Lemma 40.11.9. Let $S$ be a scheme. Let $(U, R, s, t, c)$ be a groupoid scheme over $S$. Assume $U$ is the spectrum of a field and assume $R$ is quasi-compact (equivalently $s, t$ are quasi-compact). Let $Z \subset U \times _ S U$ be the scheme theoretic image (see Morphisms, Definition 29.6.2) of $j = (t, s) : R \to U \times _ S U$. Then

\[ (U, Z, \text{pr}_0|_ Z, \text{pr}_1|_ Z, \text{pr}_{02}|_{Z \times _{\text{pr}_1, U, \text{pr}_0} Z}) \]

is a groupoid scheme over $S$.

**Proof.**
As $(U, U \times _ S U, \text{pr}_1, \text{pr}_0, \text{pr}_{02})$ is a groupoid scheme over $S$ this is a special case of Lemma 40.11.6. But we can also prove it directly as follows.

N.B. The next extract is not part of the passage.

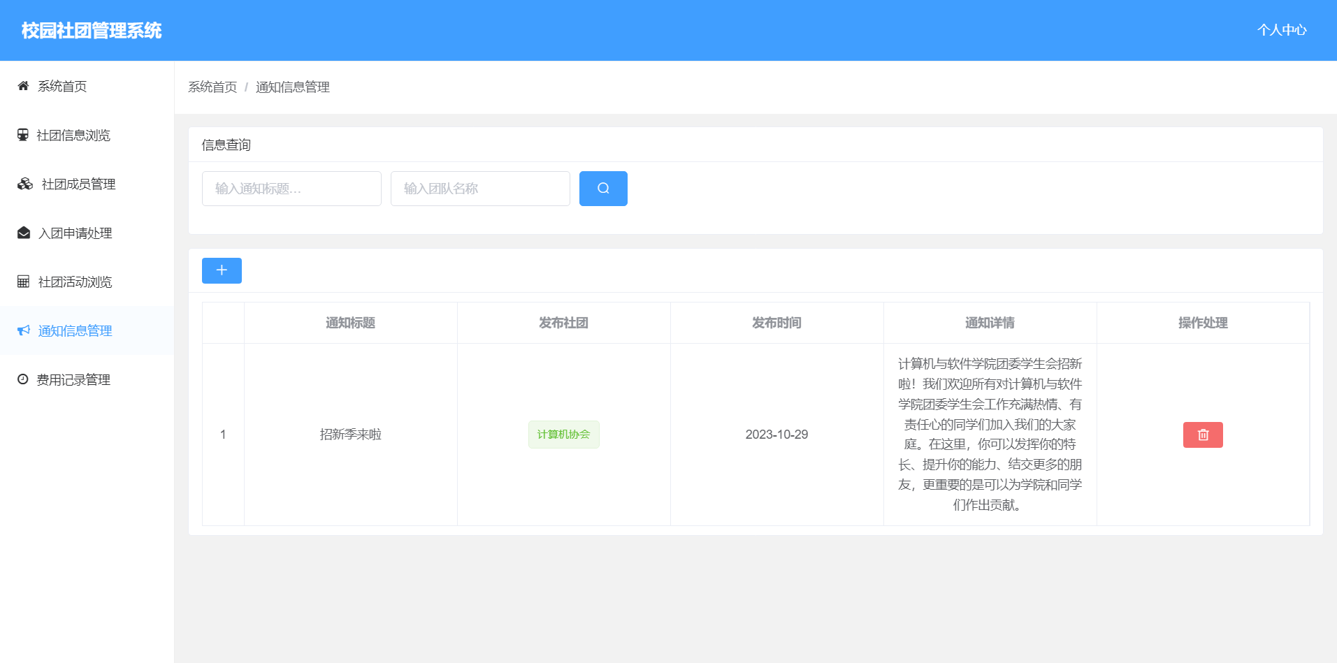5.社团通知管理:可以查看,发布社团活动,删除本社团发布的通知
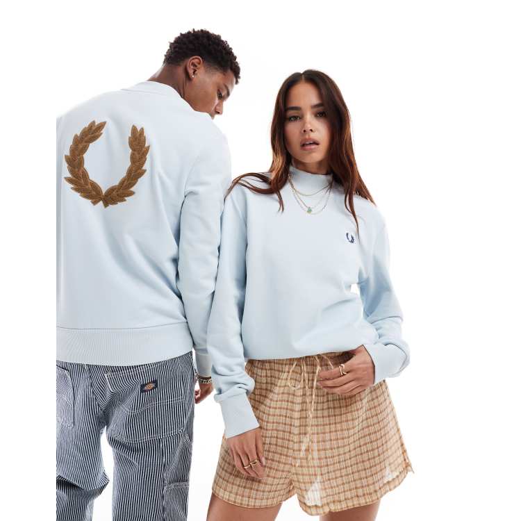 Fred Perry unisex laurel wreath high HYPEBAE sweatshirt in light blue T shirt Script Pale ClassicfuncenterShops Very well made.

The main difficulty is to show that $\text{pr}_{02}|_{Z \times _{\text{pr}_1, U, \text{pr}_0} Z}$ maps into $Z$. Write $U = \mathop{\mathrm{Spec}}(k)$. Denote $R_ s$ (resp. $Z_ s$, resp. $U^2_ s$) the scheme $R$ (resp. $Z$, resp. $U \times _ S U$) viewed as a scheme over $k$ via $s$ (resp. $\text{pr}_1|_ Z$, resp. $\text{pr}_1$). Similarly, denote ${}_ tR$ (resp. ${}_ tZ$, resp. ${}_ tU^2$) the scheme $R$ (resp. $Z$, resp. $U \times _ S U$) viewed as a scheme over $k$ via $t$ (resp. $\text{pr}_0|_ Z$, resp. $\text{pr}_0$). The morphism $j$ induces morphisms of schemes $j_ s : R_ s \to U^2_ s$ and ${}_ tj : {}_ tR \to {}_ tU^2$ over $k$. Consider the commutative diagram

\[ \xymatrix{ R_ s \times _ k {}_ tR \ar[r]^ c \ar[d]_{j_ s \times {}_ tj} & R \ar[d]^ j \\ U^2_ s \times _ k {}_ tU^2 \ar[r] & U \times _ S U } \]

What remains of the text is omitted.